Arizona Gov. Jan Brewer was weighing whether to approve or veto a law that would protect people who assert their religious beliefs in refusing service to gays. In Washington, Secretary of State John Kerry was asked on the MSNBC network about whether the bill undermines U.S. criticism of a new law in Uganda that punishes gay sex with up to life in prison.
Kerry said hoped Brewer would veto the proposal by a Saturday deadline.
“I’m counting on the governor,” Kerry said. “I cannot imagine how that law would withstand the scrutiny of the Supreme Court of the United States. So I would hope that, you know, she’ll make the right decision.”
The former Democratic presidential nominee and Massachusetts senator said recognition of gay rights has not had an easy path in the U.S., but he said enormous progress has been made and that America would stand up for gay rights worldwide.
Similar religious protection legislation has been introduced in several states, but Arizona’s plan is the only one that has passed. It has ignited a media firestorm, bringing new scrutiny to a state already known for its tough stance on immigrants living in the U.S. illegally. Business leaders are concerned that the law would embarrass the state and hurt its tourism industry.
Brewer was holding a series of private meetings Wednesday with opponents and proponents of the legislation as business groups, gay rights supporters and even fellow Republicans urged her to use her veto power. There is widespread speculation that Brewer will veto the bill, but she has not said how she’ll act.

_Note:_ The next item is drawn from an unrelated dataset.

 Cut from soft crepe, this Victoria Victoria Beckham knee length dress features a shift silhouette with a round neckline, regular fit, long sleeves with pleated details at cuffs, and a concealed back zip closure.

Three Republican state senators who voted for the law reversed course Monday and called for the governor to veto it. In a letter to Brewer, they said the proposal had been distorted by inaccurate perceptions. Though their intent, they wrote, “was to create a shield for all citizens’ religious liberties, the bill has been mischaracterized by its opponents as a sword for religious intolerance.”

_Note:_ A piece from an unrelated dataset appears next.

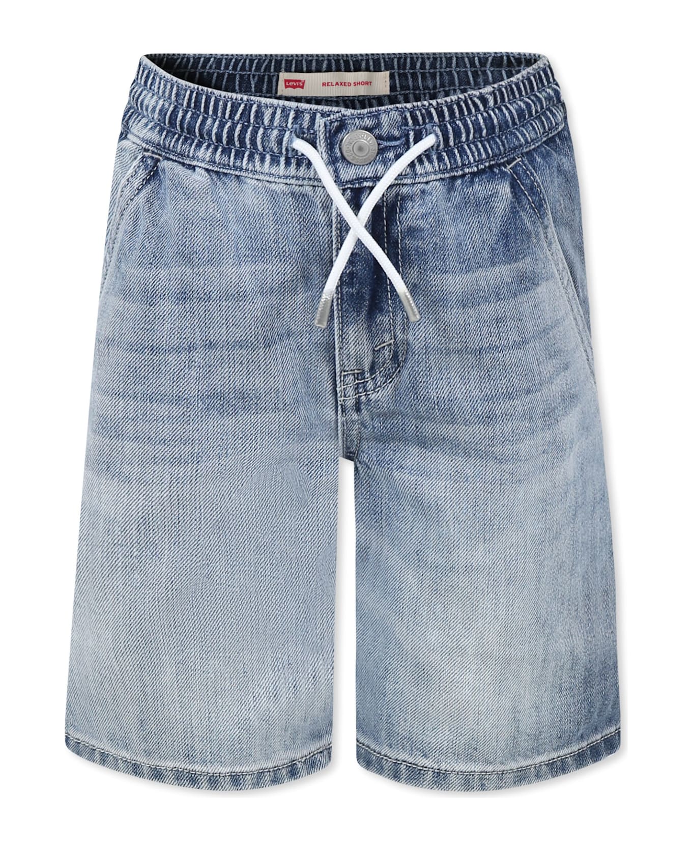 Denim shorts with elasticated waist, front zip and hook fastening, drawstring, elasticated waist, side pockets and back pocket. They are embellished with a logo patch on the back.

The bill allows any business, church or person to cite the law as a defence in any action brought by the government or individual claiming discrimination. Supporters call the bill a slight tweak to the state’s existing religious freedom law, which does not extend protections to people based on their views on sexual orientation.
Proponents frequently cite the case of a photographer in neighbouring New Mexico who was sued after refusing to take wedding pictures of a gay couple and said Arizona needs a law to protect people from heavy-handed actions by federal courts.

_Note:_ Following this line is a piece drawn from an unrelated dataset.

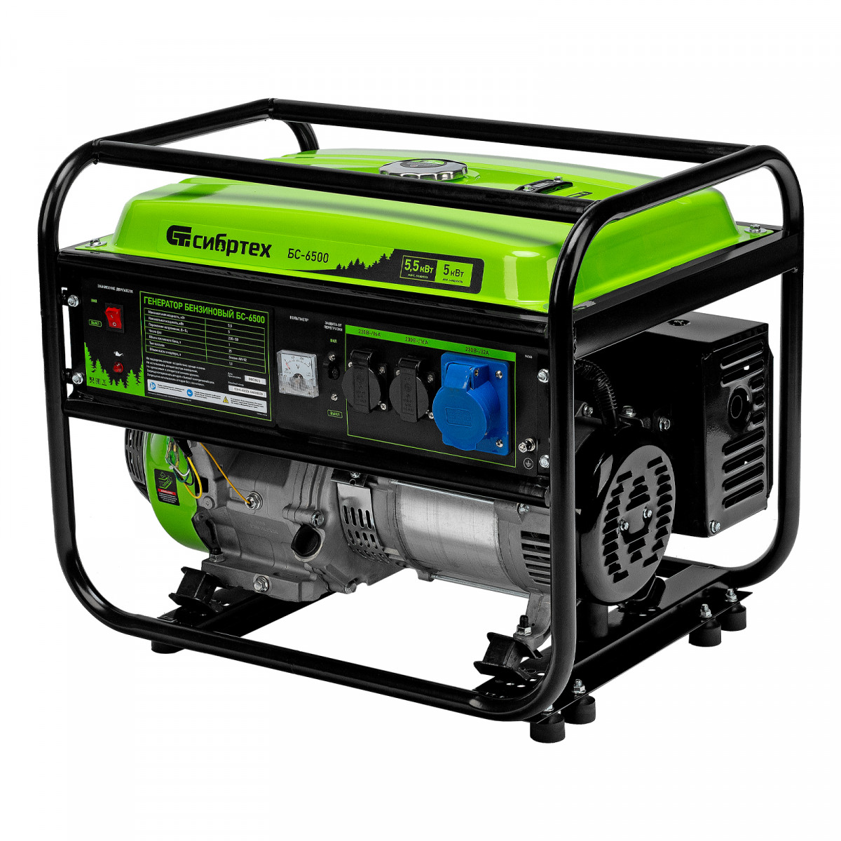 Бензиновый генератор Сибртех БС-6500 94546 на 230 В, с 4-тактным двигателем, баком на 25 л и ручным стартером, выдает 5,5 кВт и подходит для создания целой электросети в загородном доме, магазине, мастерской или на строительной площадке. К нему можно одновременно подключить 5 ламп накаливания, холодильник, телевизор. Для подключения приборов предусмотрено 3 розетки. Одна из них силовая на 32А, что позволяет запитать мощное оборудование, например, электрическую плиту.

Democrats say the legislation is an outright attack on the rights of gays and lesbians that will hurt the state’s economy because businesses and tourists will avoid Arizona like they did after the passage of a 2010 law that cracked down on immigration.
Opponents also say the law would be a major distraction as Arizona prepares to host next year’s Super Bowl, the National Football League’s championship game that is the most-watched event on American television.
Some business leaders fear the NFL could even move the Super bowl out of Arizona if the law passes. That has happened only once before in 1993, after Arizona rescinded Martin Luther King Jr. Day as a holiday.
With the business community lining up against the proposal, Brewer could be hard-pressed to sign it into law. She has worked hard to return Arizona’s economy to pre-recession levels with business-friendly incentives and tax cuts.
Among the businesses urging a veto are Apple Inc., which is opening a manufacturing plant in Mesa, American Airlines, Marriott and GoDaddy.
Republican Arizona Sens. John McCain and Jeff Flake and former Republican presidential nominee Mitt Romney are also calling for a veto.